Dat was wel iets wat ook kenmerkend was voor mij en voor de Rijksdienst: we dachten heel erg in potenties en in mogelijkheden scheppen. Terwijl op het oude land je heel vaak zag van:
“Dit mag er en dit mag niet.”
Wij hadden - ook naderhand in het bestemmingsplan - heel veel dingen die nog mochten of nog konden, omdat je gewoon de tijd wilde gebruiken om dingen te laten ontstaan. Ik heb natuurlijk in die periode ook heel veel aanvragen gekregen. De manege bijvoorbeeld, die was er al vrij vroeg. Ja, dat zijn dingen die je niet kunt bedenken bij de planning van het dorp. Nou, waar moet die dan komen? Ja, tegen het dorp aan. Nou, gelukkig lag er al bos. Daar is een plekje in vrijgemaakt, daar stond al een oude schuur van de Rijksdienst, en zo is die manege daar gekomen.
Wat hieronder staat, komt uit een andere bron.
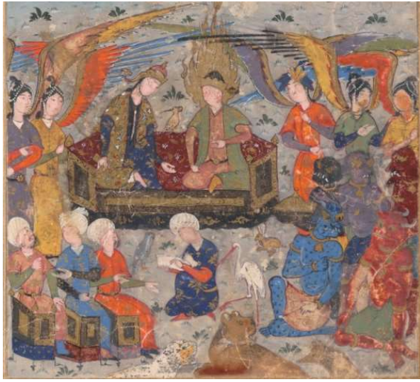
Resim 14: Hz. Süleyman ve Sebe Melikesi Belkıs
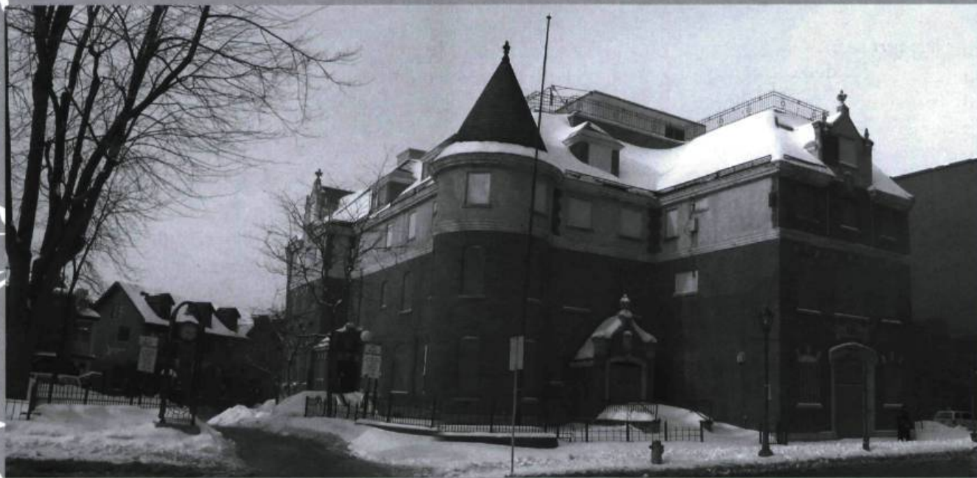
L'Hôtel Chez-Henri, 179, promenade du Portage à Gatineau, a été construit peu après le grand feu de Hull, en 1900 et a abrité pendant de nombreuses années un hôtel et un restaurant de grande classe. Bien qu'inclus dans le site du patrimoine Kent-Aubry-Wright de Hull constitué en 1991, le bâtiment a été grandement abîmé dans les années 1990, et il a été finalement cité individuellement par la Ville de Gatineau en 2003 pour en assurer une préservation plus adéquate.

Il est toujours à l'abandon et en état de détérioration croissante.

Zo zijn veel vaker dingen geweest die je een plek moet geven, zoals het hondensportterrein. Waar moest die komen, die kynologenvereniging? Die ontstaat op een gegeven moment in het dorp, waar geef je die een plek? Nou, er is elke keer wel wat. Ik bedoel; door de jaren heen komt er steeds meer bij en de mensen zien hun kansen hier.